The Front Runner Review

The Front Runner
US Senator Gary Hart (Hugh Jackman) enters the race for the Democratic Presidential nomination in 1988 with an overwhelming lead. Then it’s discovered he’s having an extramarital affair and his campaign swiftly goes off the rails.

by Dan Jolin |
Published on
Release Date:

11 Jan 2019

Original Title:

The Front Runner

As Harold Wilson once said, a week is a long time in politics. It took slightly longer than that to transform Senator Gary Hart from the next US President to a scandal-ridden campaign drop-out, but the 180 in his fortunes was still remarkably hard, sharp and fast. And it was a turning point for American politics — certainly the way politicians were scrutinised by the media. There’s an irony in the way that Hart, so seemingly progressive, couldn’t adapt to a world where politicians became publicly accountable for personal indiscretions. As Hart says in the form of Hugh Jackman, “It’s gossip. It’ll blow over.” It didn’t. It blew up, right in his handsome face.

The Front Runner

It’s a meaty chunk of material for Jason Reitman to gnaw on, as not only director but co-writer with Jay Carson and Matt Bai, on whose 2014 book, All The Truth Is Out: The Week Politics Went Tabloid, the film is based. So while Jackman is its redwood-sturdy centre, this is an ensemble piece. Reitman’s camera roves around the nerve centre of the Hart campaign, run by J.K. Simmons as Bill Dixon, and populated by keen interns dubbed the ‘Atari Democrats’. It also glides around the newspaper offices of The Miami Herald, whose journalists uncover the infidelity, and The Washington Post, where staff debate going down the “tabloid” route taken by the Herald. Which means we spend less time than you might expect in the Hart household, with Jackman, Vera Farmiga in the obligatory suffering-wife role, and Kaitlyn Dever as his daughter, Andrea.
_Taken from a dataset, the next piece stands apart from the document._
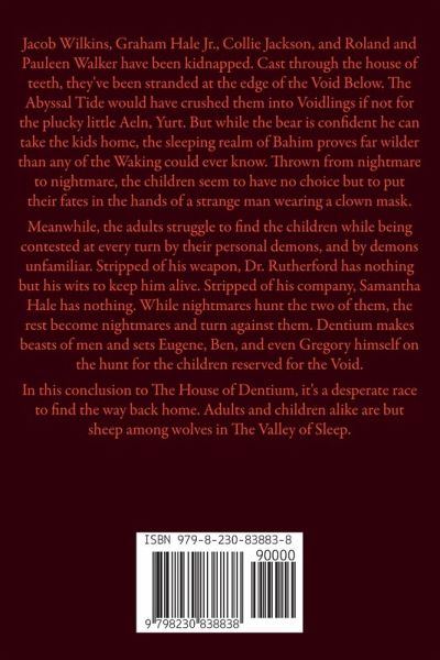 Jacob Wilkins, Graham Hale Jr., Collie Jackson, and Roland and Pauleen Walker have been kidnapped. Cast through the house of teeth, they've been stranded at the edge of the Void Below. The Abyssal Tide would have crushed them into Voidlings if not for the plucky little Aeln, Yurt. But while the bear is confident he can take the kids home, the sleeping realm of Bahim proves far wilder than any of the Waking could ever know. Thrown from nightmare to nightmare, the children seem to have no choice but to put their fates in the hands of a strange man wearing a clown mask. Meanwhile, the adults struggle to find the children while being contested at every turn by their personal demons, and by demons unfamiliar. Stripped of his weapon, Dr. Rutherford has nothing but his wits to keep him alive. Stripped of his company, Samantha Hale has nothing. While nightmares hunt the two of them, the rest become nightmares and turn against them. Dentium makes beasts of men and sets Eugene, Ben, and even Gregory himself on the hunt for the children reserved for the Void. In this conclusion to The House of Dentium, it's a desperate race to find the way back home. Adults and children alike are but sheep among wolves in The Valley of Sleep.

Jackman dishes up one of his finest performances yet.

While admirably trying to balance the personal and the public/political, Reitman does tilt towards the latter, leaving not only Farmiga and Dever side-lined, but Sara Paxton as Hart’s girlfriend Donna Rice, too. “I’m not some stupid bimbo,” she says — and she wasn’t — but we don’t see enough of her for the story to fully back that up.

But there is a loose, rambling, Altmanesque appeal to Reitman’s approach, and it does provide a fascinating dip into a pivotal event with both flair and wit, such as the Team Hart guys who can’t remember what his three (or is it four?) ‘E’s should stand for. One of them, tellingly, is Ethics.

At the heart of this kinetic ensemble is Jackman, dishing up one of his finest performances yet as the charismatic politician whose worst opponent is his own libido. The rightness or wrongness of his actions, and of his treatment by the press, is left for us to decide. By embracing all of Hart’s ambiguities — his charm, his idealism, his passion, his stubbornness, his prickliness, his selfishness and his weakness — Jackman admirably doesn’t make it any easier for us.

A sharp-witted and wide-reaching account of a bright political hope’s fall from grace, with an impressive ensemble cast and a great performance from Jackman.